▶ [Activity] Please repeat the lines below, exactly and only, from the one that holds "Hong Kong medical" through the one that holds "Pograd GARET za".

▶ [Entries shown]
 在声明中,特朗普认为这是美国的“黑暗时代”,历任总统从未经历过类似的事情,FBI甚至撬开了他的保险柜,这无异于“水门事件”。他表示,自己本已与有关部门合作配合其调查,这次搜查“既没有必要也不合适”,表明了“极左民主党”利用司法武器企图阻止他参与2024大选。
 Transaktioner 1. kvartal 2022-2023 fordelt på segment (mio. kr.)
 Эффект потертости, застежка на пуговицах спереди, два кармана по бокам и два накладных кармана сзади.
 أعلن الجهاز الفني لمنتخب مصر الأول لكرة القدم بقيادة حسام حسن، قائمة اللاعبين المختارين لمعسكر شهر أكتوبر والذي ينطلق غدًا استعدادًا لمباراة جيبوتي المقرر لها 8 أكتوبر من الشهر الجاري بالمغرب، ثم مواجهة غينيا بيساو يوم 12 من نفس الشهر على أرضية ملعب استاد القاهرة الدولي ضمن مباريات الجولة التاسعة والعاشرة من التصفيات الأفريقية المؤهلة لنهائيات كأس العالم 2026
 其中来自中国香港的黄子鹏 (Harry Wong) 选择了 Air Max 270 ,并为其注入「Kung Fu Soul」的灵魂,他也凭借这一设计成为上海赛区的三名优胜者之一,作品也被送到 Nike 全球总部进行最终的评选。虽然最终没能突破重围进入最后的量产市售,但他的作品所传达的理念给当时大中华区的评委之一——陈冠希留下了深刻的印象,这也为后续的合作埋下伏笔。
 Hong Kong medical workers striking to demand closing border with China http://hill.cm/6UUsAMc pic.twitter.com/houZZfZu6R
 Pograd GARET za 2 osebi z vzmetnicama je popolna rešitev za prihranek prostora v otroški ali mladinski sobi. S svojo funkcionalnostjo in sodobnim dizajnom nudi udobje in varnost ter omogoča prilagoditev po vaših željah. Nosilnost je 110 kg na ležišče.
==
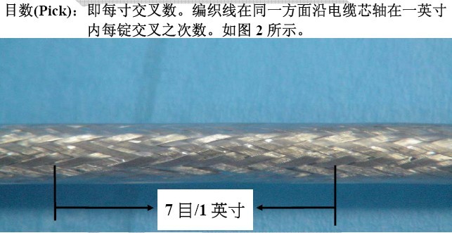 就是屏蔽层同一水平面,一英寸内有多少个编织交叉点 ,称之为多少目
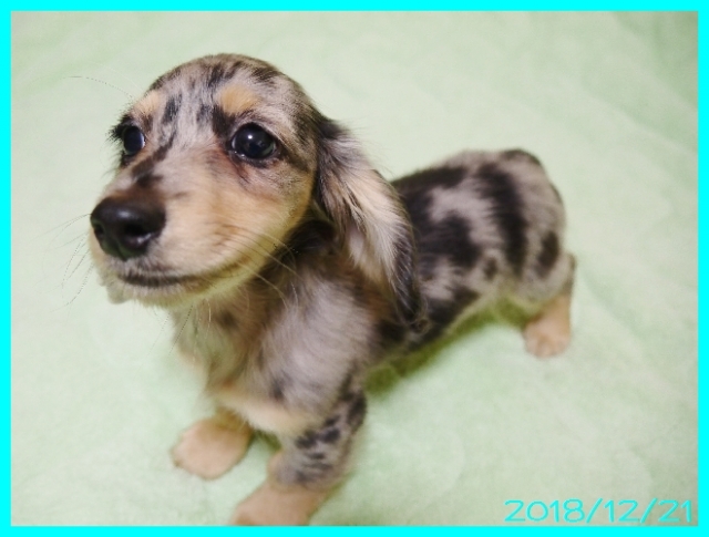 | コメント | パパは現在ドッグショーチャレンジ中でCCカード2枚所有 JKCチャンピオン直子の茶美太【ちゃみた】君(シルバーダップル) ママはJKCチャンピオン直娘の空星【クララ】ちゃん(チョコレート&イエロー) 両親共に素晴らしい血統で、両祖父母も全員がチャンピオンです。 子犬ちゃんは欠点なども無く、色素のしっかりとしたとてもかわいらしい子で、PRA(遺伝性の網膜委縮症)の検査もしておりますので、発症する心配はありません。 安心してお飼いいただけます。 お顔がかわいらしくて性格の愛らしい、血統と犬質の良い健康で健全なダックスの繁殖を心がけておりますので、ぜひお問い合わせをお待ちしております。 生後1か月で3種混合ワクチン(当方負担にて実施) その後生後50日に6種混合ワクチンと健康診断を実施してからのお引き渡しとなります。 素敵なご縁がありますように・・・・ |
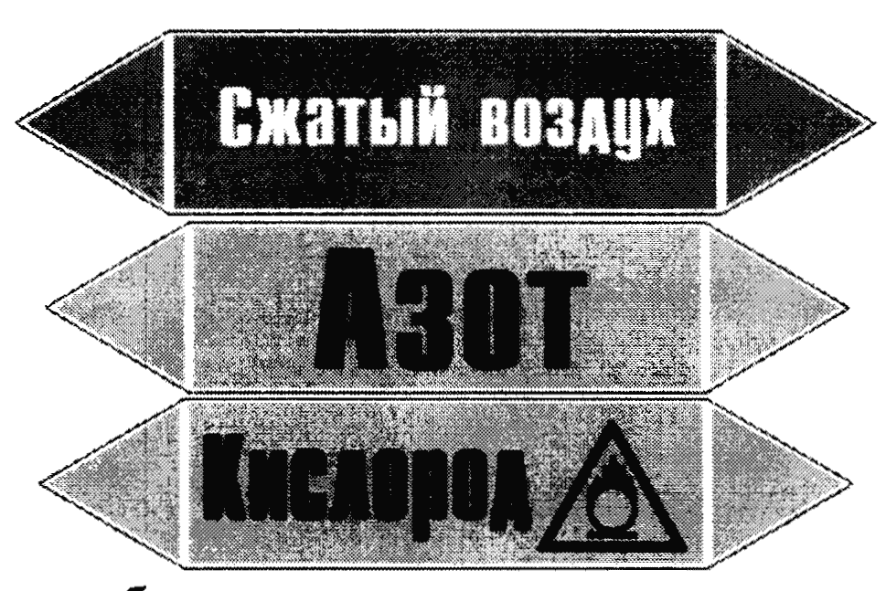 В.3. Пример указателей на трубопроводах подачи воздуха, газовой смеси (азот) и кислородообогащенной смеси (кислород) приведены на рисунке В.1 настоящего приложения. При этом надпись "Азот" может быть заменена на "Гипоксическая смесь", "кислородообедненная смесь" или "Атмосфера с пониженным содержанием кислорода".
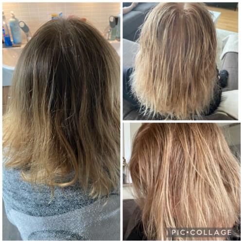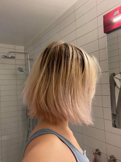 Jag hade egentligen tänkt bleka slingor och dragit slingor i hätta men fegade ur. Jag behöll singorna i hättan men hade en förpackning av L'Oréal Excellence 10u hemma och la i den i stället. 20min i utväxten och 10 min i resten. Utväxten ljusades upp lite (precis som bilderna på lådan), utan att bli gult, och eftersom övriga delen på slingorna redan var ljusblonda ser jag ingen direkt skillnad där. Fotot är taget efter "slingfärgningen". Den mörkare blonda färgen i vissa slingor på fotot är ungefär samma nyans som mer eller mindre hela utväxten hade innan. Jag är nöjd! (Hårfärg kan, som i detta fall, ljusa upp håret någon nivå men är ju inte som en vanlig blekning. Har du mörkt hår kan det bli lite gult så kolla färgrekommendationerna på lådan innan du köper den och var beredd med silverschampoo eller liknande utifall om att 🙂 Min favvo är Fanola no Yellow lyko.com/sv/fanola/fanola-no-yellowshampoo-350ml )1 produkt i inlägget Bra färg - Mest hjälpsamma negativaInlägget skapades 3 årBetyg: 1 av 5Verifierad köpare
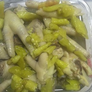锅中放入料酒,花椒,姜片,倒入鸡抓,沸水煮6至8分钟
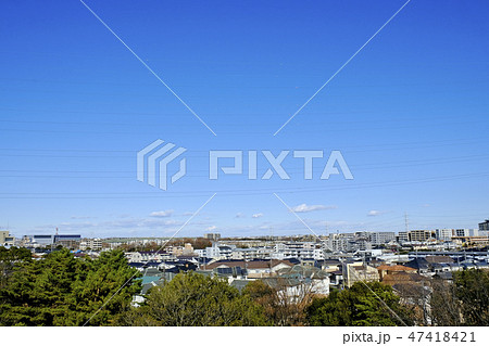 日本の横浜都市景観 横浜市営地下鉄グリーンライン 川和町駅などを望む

▶ [Task solution]
 Hong Kong medical workers striking to demand closing border with China http://hill.cm/6UUsAMc pic.twitter.com/houZZfZu6R
 Pograd GARET za 2 osebi z vzmetnicama je popolna rešitev za prihranek prostora v otroški ali mladinski sobi. S svojo funkcionalnostjo in sodobnim dizajnom nudi udobje in varnost ter omogoča prilagoditev po vaših željah. Nosilnost je 110 kg na ležišče.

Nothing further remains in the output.